The Ultimate 2015 Halloween Movie Streaming Guide

Halloween is almost here, and that means so is your once a year opportunity for a seasonally sanctioned horror film binge. Whether you’re a die-hard horror lover or just looking to get into the holiday spirit with something a little creepy and kooky, you’re bound to find something to love on Indiewire’s streaming guide, which includes over 100 Halloween-appropriate films now available online. This list combines Netflix, Amazon Prime, HBO Go and the horror-only streaming site Shudder, which recently launched in beta and is available for a 14 day free trial (many titles are available on multiple platforms). Check out the curated list below.

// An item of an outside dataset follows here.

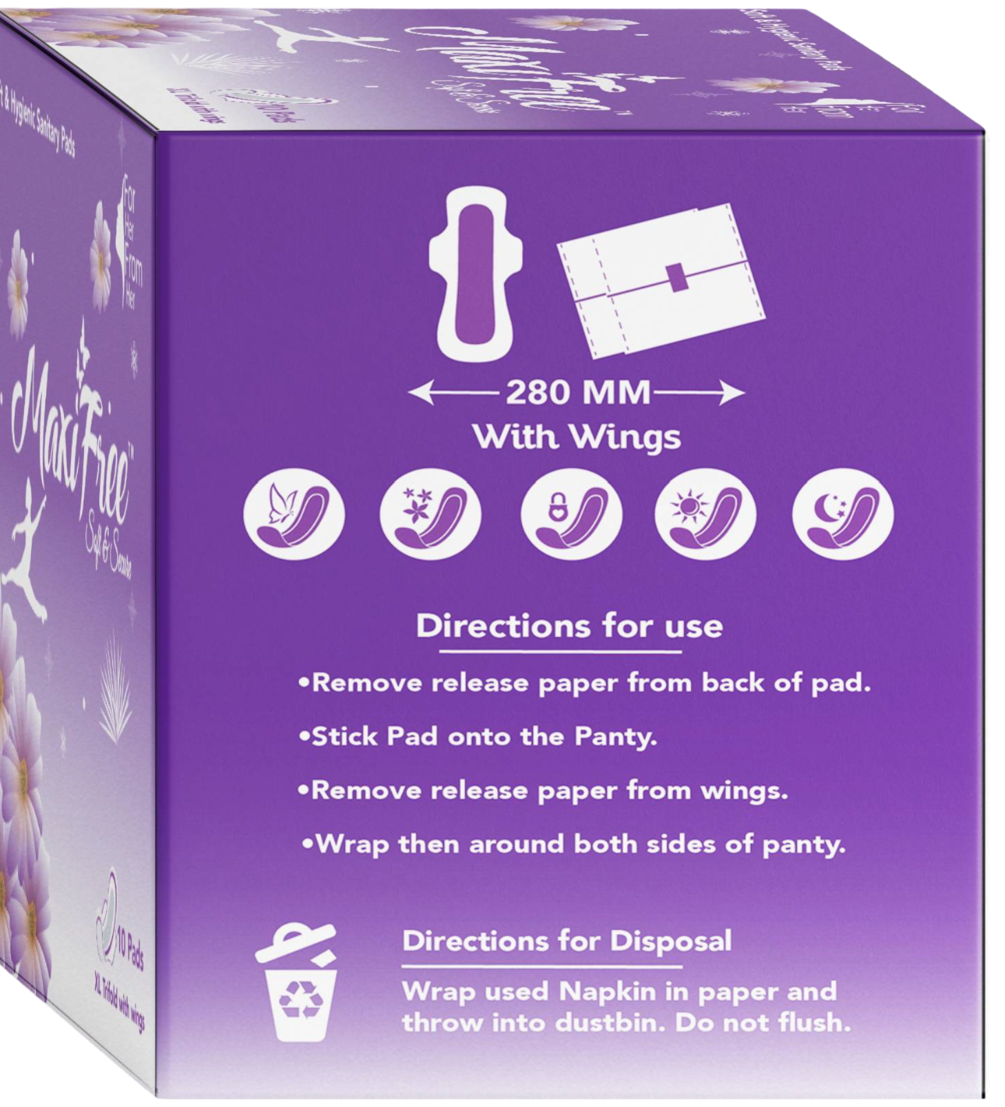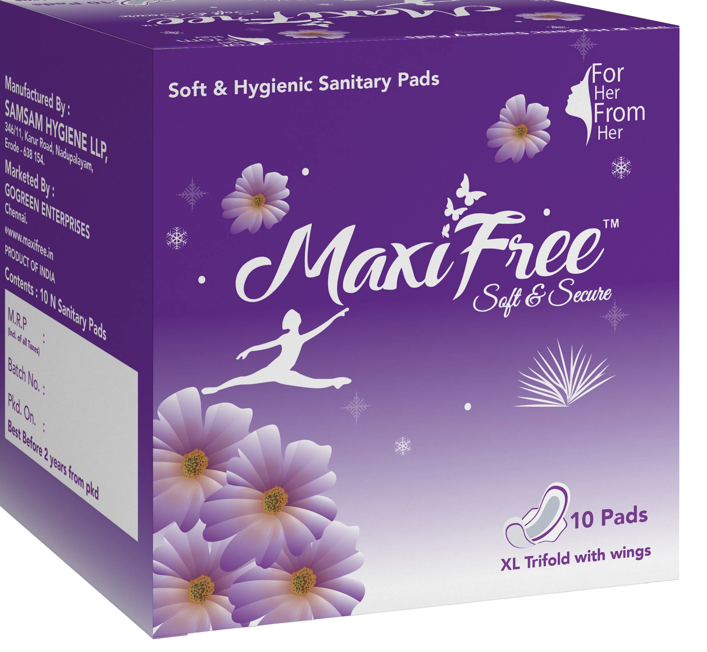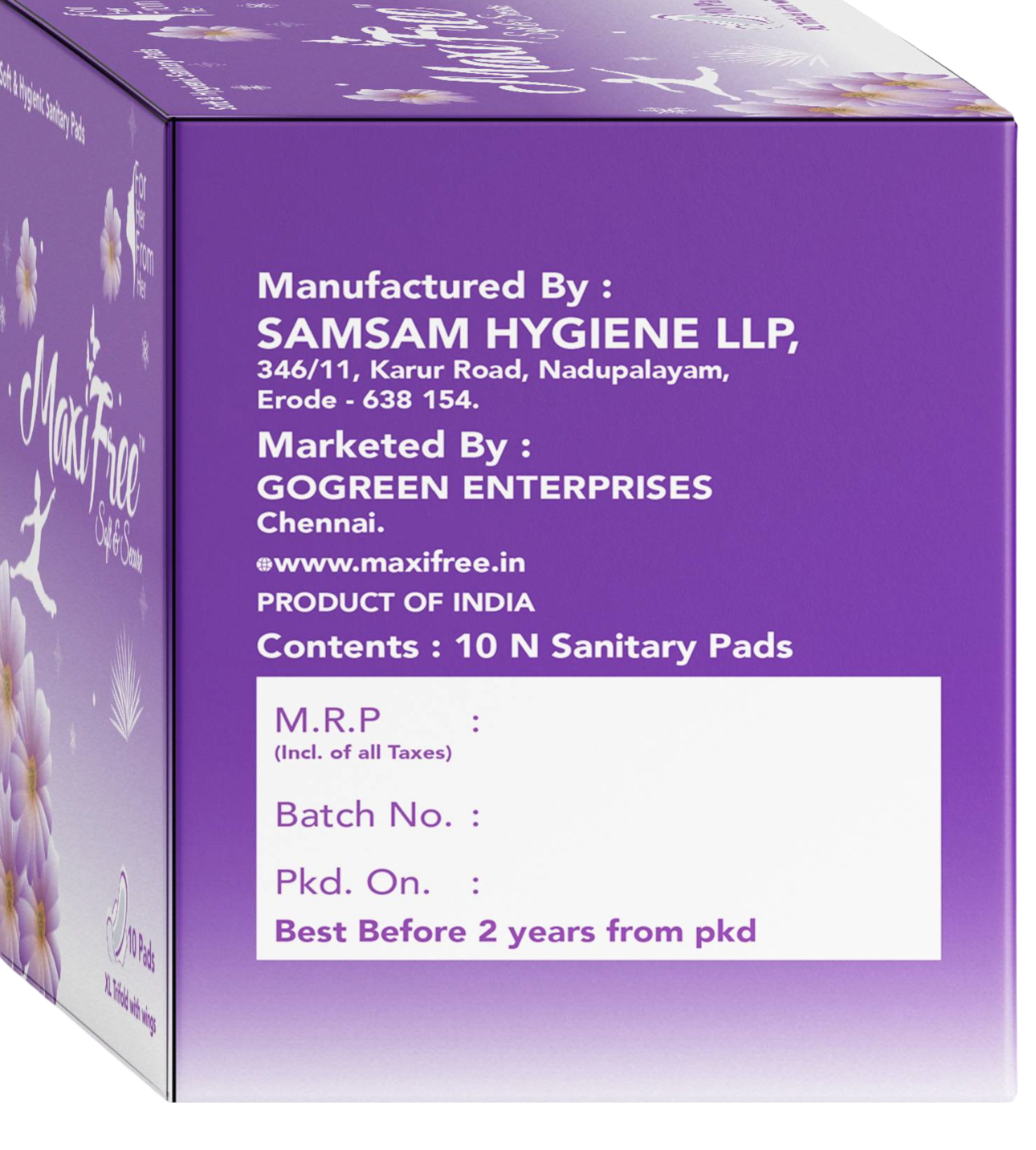 Maxifree is fully made up of natural plant and plant based material as ingredients,which makes the pads unique when compared with other pads. It is made in India. Maxifree soft and secure pad is suitable for all types of flows during menstrual periods. Maxifree soft and secure is free of plastic, Chemicals such as toxic materials like Dioxins, Bleaching like Chlorine etc., and so free from skin rashes,itches and irritation.

READ MORE: The 13 Best New Indie Horror Movies to Watch at Home on Halloween


Indiewire Pick: “A Tale of Two Sisters” (2003)

“A Tale of Two Sisters” is a suspenseful, psychological horror film from Korean director Kim Jee-woon. Adapted in America as “The Uninvited” in 2009, the Korean original does a better job of twisting our minds and making the audience just as paranoid as the titular siblings. When Su-mi returns home after a stay in a mental hospital, she is reunited with her sister, Su-yeon, and returns to live with her father and his new wife. After a series of creepy and foreboding events plague the house, sinister suspicions begin to arise and the girls attempt to find out their stepmother’s intentions. This leads the girls to uncover shocking revelations about all of their pasts.

“And Now the Screaming Starts!” (1973)

Indiewire Pick: “Basket Case” (1982)

A seminal work of schlocky, gory horror films, “Basket Case” is a must for any fan of crazy cult movies. A normal looking man named Duane checks into a hotel carrying a locked basket. Rather than carry his luggage, the basket holds the terrifying mass of flesh that is Belial, Duane’s former conjoined twin who was separated from him, against their will, many years earlier. Now, the brothers seek bloody revenge against the doctors who cut them apart and confined Belial to his basket. Certainly not for the squeamish, “Basket Case” is a sick and twisted cult film.

“Baron Blood” (1972)

Indiewire Pick: “Black Sunday” (1960)

Generations of horror filmmakers have been inspired by “Black Sunday,” the directorial debut from Italian filmmaker Mario Bava. Bava made dozens of films in the sixties and seventies as a director, writer and cinematographer, helping to launch the “giallo” genre of Italian cinema and re-inventing the slasher film. “Black Sunday” was an international success despite being censored in the U.S. and banned in the UK for its (at the time) gratuitous gore, telling the story of a witch who returns to exact revenge two centuries after she is burned at the stake by her own brother. The film’s gothic tones and Bava’s beautiful black-and-white cinematography bring true artistry to this story about the power of evil.

“Castle Freak” (1995)
“Children of the Corn” (1984)
“Combat Shock” (1984)
“Dead and Buried” (1981)
“Dream Home” (2010)
“Excision” (2012)
“Harpoon (2009)
“Hellraiser (1987)
“Frankenhooker” (1990)
“Ganja & Hess” (1973)
“House” (1986)
“I Am a Ghost” (2012)
“I Saw the Devil” (2010)
“Julia’s Eyes” (2010)
“Kill Baby, Kill” (1966)

Indiewire Pick: “Let the Right One In” (2008)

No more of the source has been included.